It’s winter solstice, one of the holiest days of the year. Scrub out the debris from your inbox, your closet, your spirit, your mind. Make an intention and align it with this evening’s new moon in make-it-happen Capricorn. Invite Uranus’ blue bolts of lightening into those plans; smile broadly at the unexpected. Tap the power of Venus, newly reborn in the sky after regenerating her values. Bask in the embrace of dear Mama Mary. Open your heart to receive grace (prosperity, beauty, big-scale love). Bring gratitude, generosity, and faith to your daily practice, whatever that may be. Roll up your sleeves and get to work. Joyously. Here’s to more light in our countries, our cities, our hearths, our hearts.

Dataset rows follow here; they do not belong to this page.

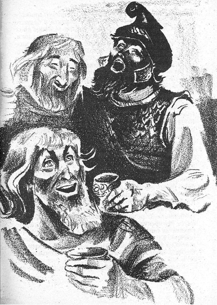 В същия миг от двореца излезе, олюлявайки се под огромния товар, Терес Бунтовника, понесъл на гръб няколко легионери, които се опитваха и все не успяваха да го свалят на земята.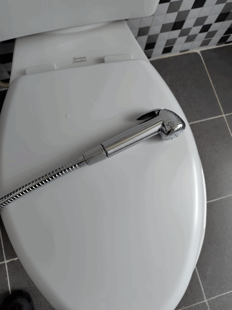 また、使い方にクセがあり、ウォシュレットの代わりに小さめのシャワーみたいなのがトイレに置いてあって、それで流してから拭く感じなっているんですよね。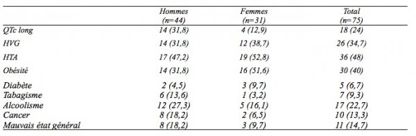 Définitions opérationnelles:L’obésité pondérale était définie par un IMC>25. Le diabète était défini par une glycémie à jeun>1,26 g/l ou la prise de médication hypoglycémiante. L’HVG était retenue si l’indice de Sokolov-Lyon ≥ 3,5 mm ou de Cornell ≥ 20 mm chez les hommes et ≥ 28 mm chez les femmes. L’alcoolisme était défini par une consommation régulière pendant les 12 derniers mois [8], le tabagisme actif par le fait de fumer quotidiennement ou occasionnellement ou avoir arrêter de fumer depuis moins de deux ans [9]. Le QT corrigé (QTc) était calculé par la formule de Bazett (QT mesuré /√RR). Le QTc était considéré long s’il était supérieur à 430 ms chez l’homme et supérieur à 450 chez la femme [10]. Une maladie cardiovasculaire établie consistait en la présence d’une insuffisance cardiaque (IC) prouvée et traitée comme telle ; d’antécédents d’accident vasculaire cérébral (AVC), et d’une HVG. L’altération de l’état général était évaluée par l’indice de Karnorsfki.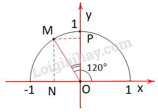 Gọi M là điểm trên nửa đường tròn đơn vị sao cho \(\widehat {xOM} = {120^o}\)

This time of year there is so little natural light that many wake hours before the sun and work hours after it descends. But we living creatures can adjust to anything, even find solace in it. The intimacy, the privacy granted by these dark hours in early morning: it’s time for settling back into pillows with quieter projects, hot drinks steaming cold rooms, small lights casting out still-prevailing nights. Well. Such time is to be cherished once we adjust to its protocol. We grasp why this is the holiest time of year, why we make festivals for these lights. With their help, into the mystic we sail–for a few hours at a time, at least.

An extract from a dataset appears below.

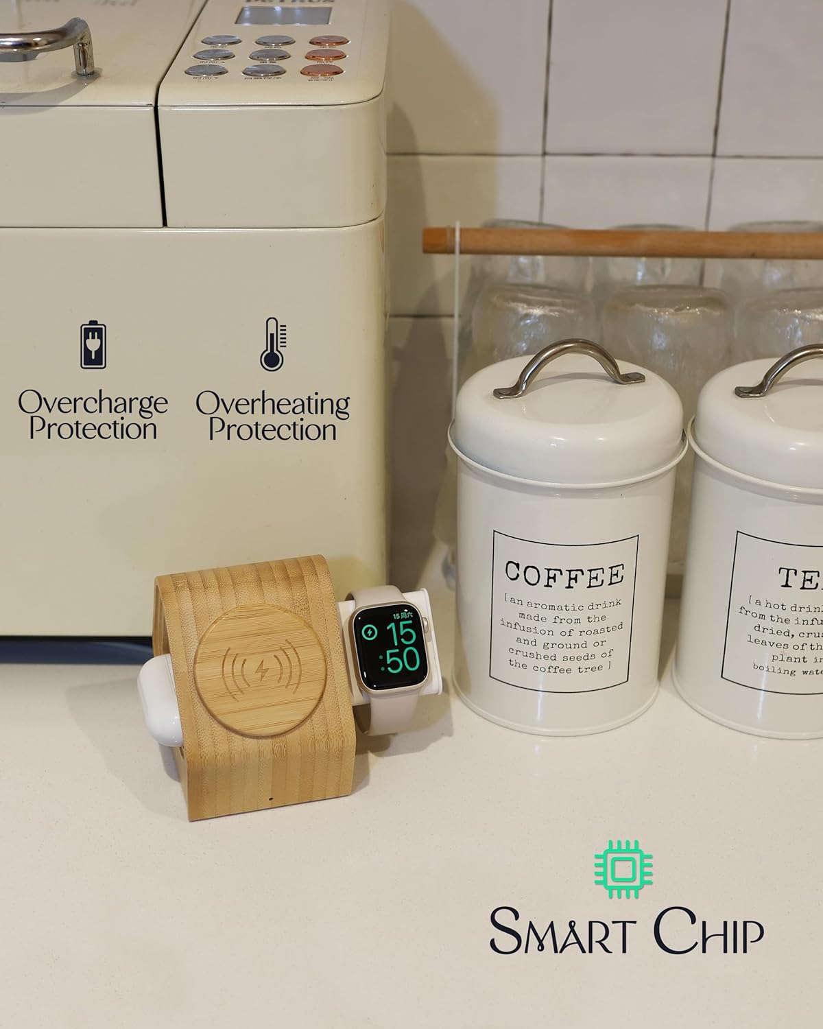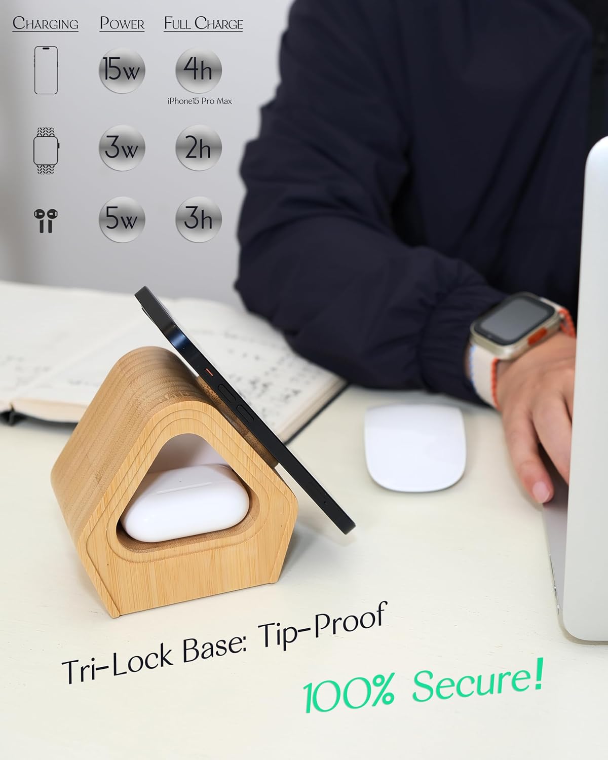 - Space-Saving Design: Compact and cool; our bamboo wireless charging station fits anywhere; MagSafe for iPhone 16-11 Series; a slot for AirPods 4-2, Pro; and a retractable charging stand for iWatch 10-2, Ultra—efficient and good-looking

I always forget this time of year is so inhospitable–in its quality and duration of light, in the dread it evokes that is only occasionally contained, in the anxieties masquerading as shared joy. Now that climate change is writ large, we contend with cold rain rather than pretty snow, to boot. Not to mention those tides of change finally, finally rising in Ameriker. Sexton said, “I know that I have died before–once in November.” Amend that to December, please, and pass me an umbrella. Rebirth is very messy.